**** Dataset section ****
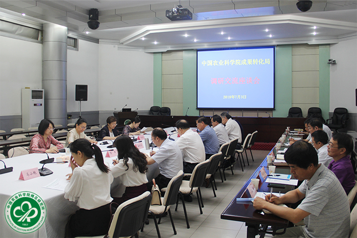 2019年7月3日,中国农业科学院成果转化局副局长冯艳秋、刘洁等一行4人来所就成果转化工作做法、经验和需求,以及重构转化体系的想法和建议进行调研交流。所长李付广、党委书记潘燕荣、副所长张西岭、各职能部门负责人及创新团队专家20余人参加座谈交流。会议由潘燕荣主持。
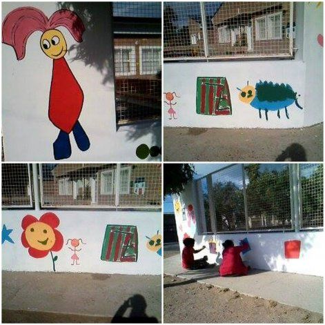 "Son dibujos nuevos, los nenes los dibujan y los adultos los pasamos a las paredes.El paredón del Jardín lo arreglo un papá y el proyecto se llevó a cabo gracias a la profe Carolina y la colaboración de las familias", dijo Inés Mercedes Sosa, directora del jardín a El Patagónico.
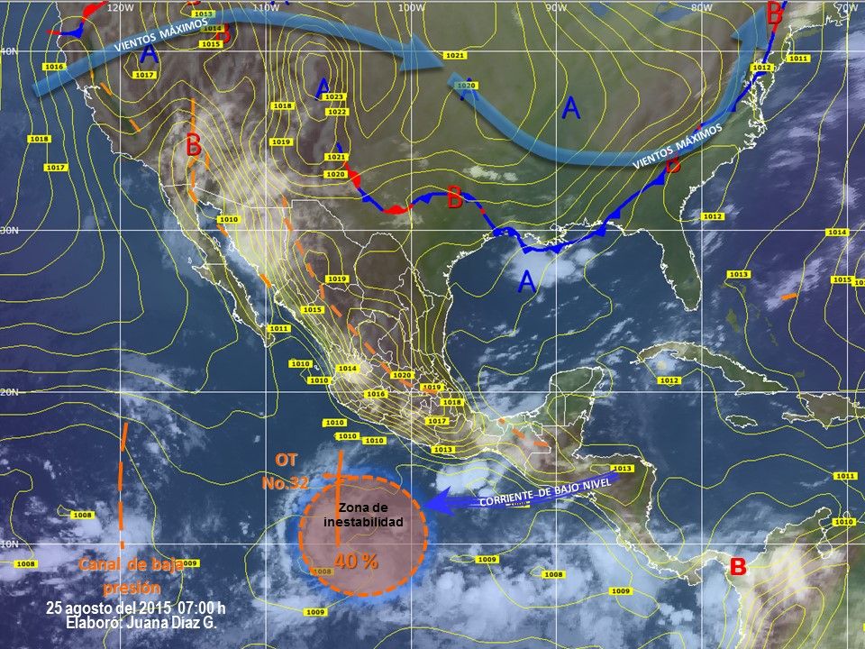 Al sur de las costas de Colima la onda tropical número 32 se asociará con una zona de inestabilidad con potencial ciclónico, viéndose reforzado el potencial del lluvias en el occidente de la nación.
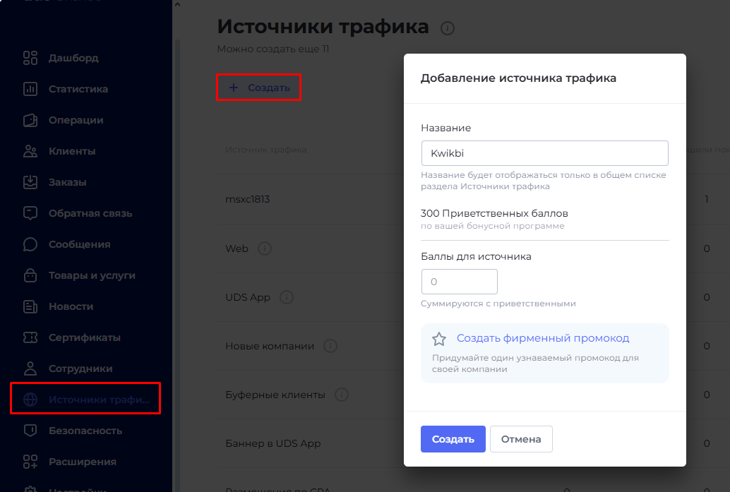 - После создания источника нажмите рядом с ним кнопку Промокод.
****
▶ **Task statement**:
All lines from the beginning of the material above through the line holding "a El Patagónico." are to be given again exactly, and no others; pictures do not go in.

▶ **Solution to this problem**:
 2019年7月3日,中国农业科学院成果转化局副局长冯艳秋、刘洁等一行4人来所就成果转化工作做法、经验和需求,以及重构转化体系的想法和建议进行调研交流。所长李付广、党委书记潘燕荣、副所长张西岭、各职能部门负责人及创新团队专家20余人参加座谈交流。会议由潘燕荣主持。
 "Son dibujos nuevos, los nenes los dibujan y los adultos los pasamos a las paredes.El paredón del Jardín lo arreglo un papá y el proyecto se llevó a cabo gracias a la profe Carolina y la colaboración de las familias", dijo Inés Mercedes Sosa, directora del jardín a El Patagónico.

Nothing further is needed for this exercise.